Start of Block
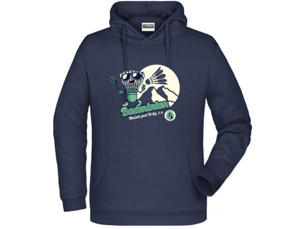 Stylová pánská mikina s kapucí a klokánkovou kapsou v námořní modré barvě je skvělým kouskem pro všechny fanoušky i hráče Badmintonu Mníšek pod Brdy. Vyrobená z kvalitní 100% bavlny, nabízí maximální pohodlí, příjemný pocit při nošení a odolnost i při každodenním používání.
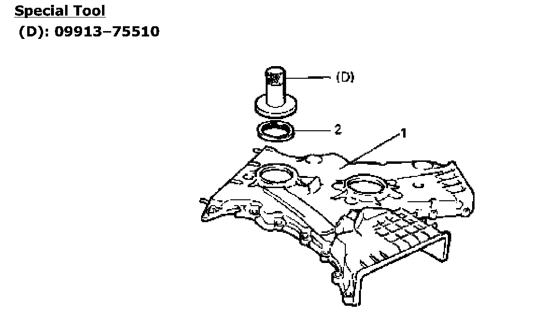 New oil seal (2) with its surface is flash with edge of timing chain cover (1).
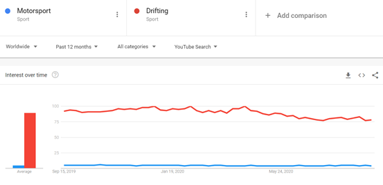 注:YouTube网民对体育运动中“漂移”的检索兴趣是“摩托”的18倍(来源:SEJ)
End of Block
> Your assignment: Could you repeat each line above exactly as written? Omit the pictures.

> Solved exercise:
 Stylová pánská mikina s kapucí a klokánkovou kapsou v námořní modré barvě je skvělým kouskem pro všechny fanoušky i hráče Badmintonu Mníšek pod Brdy. Vyrobená z kvalitní 100% bavlny, nabízí maximální pohodlí, příjemný pocit při nošení a odolnost i při každodenním používání.
 New oil seal (2) with its surface is flash with edge of timing chain cover (1).
 注:YouTube网民对体育运动中“漂移”的检索兴趣是“摩托”的18倍(来源:SEJ)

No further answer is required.